Pass 2 (accuracy): "For each cited source below, fetch the page and
quote the exact passage that supports the claim. If no such passage
exists at the URL, return NO MATCH and quote the closest thing you
found. Maximum 30 words per quote. Do not paraphrase."
Common mistakes
- Trusting that “the AI wrote a citation, so the citation exists.” Models invent plausible papers constantly — that is exactly what Pass 1 catches.
- Skipping the accuracy pass. The URL is real but does not support the claim; this is the single most common failure and the easiest to ship past unnoticed.
- Treating a secondary citation as primary because the secondary source said so. The secondary may have mangled the primary.
- Patching a failed citation with a slightly weaker one from the same search. If the strongest source you can find is weak, your underlying claim is wrong, not just your sourcing.
- Skipping the DOI metadata check. A resolving DOI is not a verified citation — chimera references resolve fine but cite the wrong paper.
- Pasting a 20,000-word draft into one prompt. Chunk by section; long contexts degrade extraction accuracy.
FAQ
- Does this catch AI-fabricated sources?: Yes — Pass 1 is the fabrication catch. Most hallucinations fail at existence; a minority invent URLs that resolve to unrelated real pages or chimera DOIs, which the metadata check and Pass 2 catch.
- How long does it take?: About 5 minutes per citation the first time, dropping to roughly 1 minute once you have the templates and batch by domain.
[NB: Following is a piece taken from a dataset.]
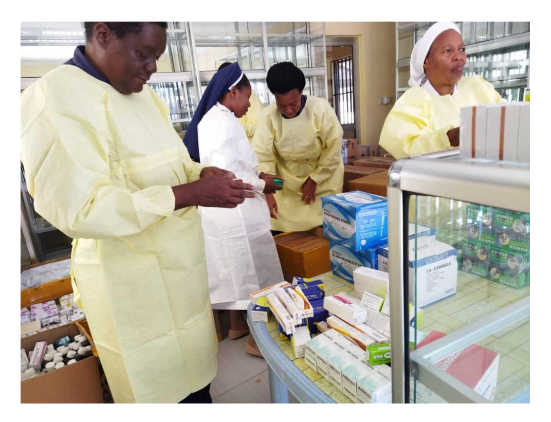
Fig.1: the process of sorting drugs
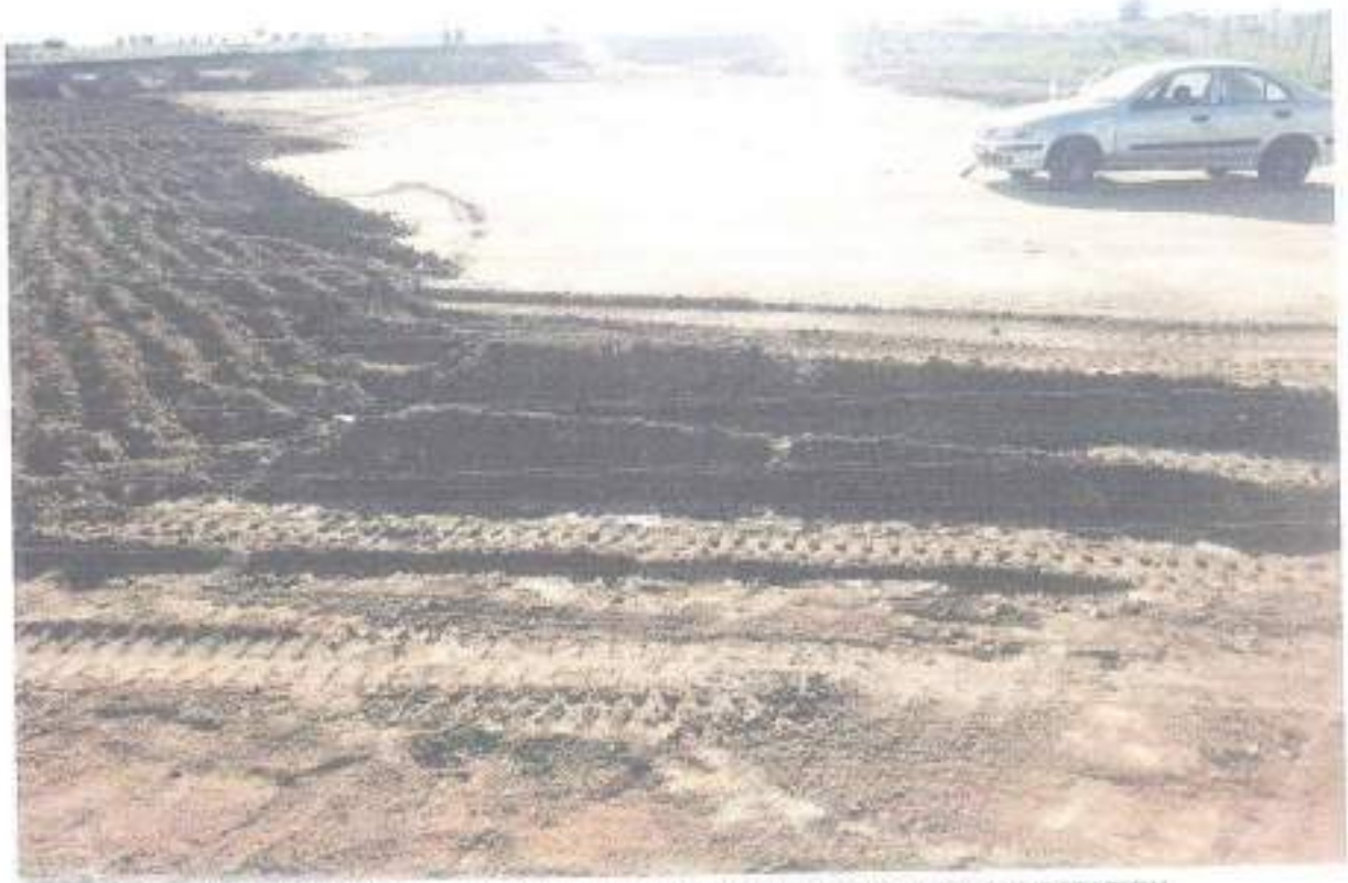
SUB-STATION PLATFORM CONSTRUCTION AT THE PROPOSED 220/66KV ISINYA SUBSTATION

- Which models are best?: Existence and recency: a search-grounded model (Perplexity, Gemini 3.1 Pro, GPT-5.5 with search). Accuracy: a model with browsing that actually fetches pages. Provenance: any reasoning model with the source pasted in. For academic refs, add a Crossref DOI check.
- What about paywalled sources?: Mark them “real but unverifiable” in the ledger and verify via abstract, preprint, or institutional summary. Do not ship a claim whose primary source you cannot read at all.
- Can I automate this in a script?: The existence pass automates cleanly — DOI resolution and Retraction Watch checks are a single Crossref API call. Accuracy and provenance need a human in the loop; the failure modes are too subtle to fully delegate.
- What if I cited the same source 10 times?: Run accuracy once per source-passage pair, not once per source. A source you trust for claim A may not support claim B.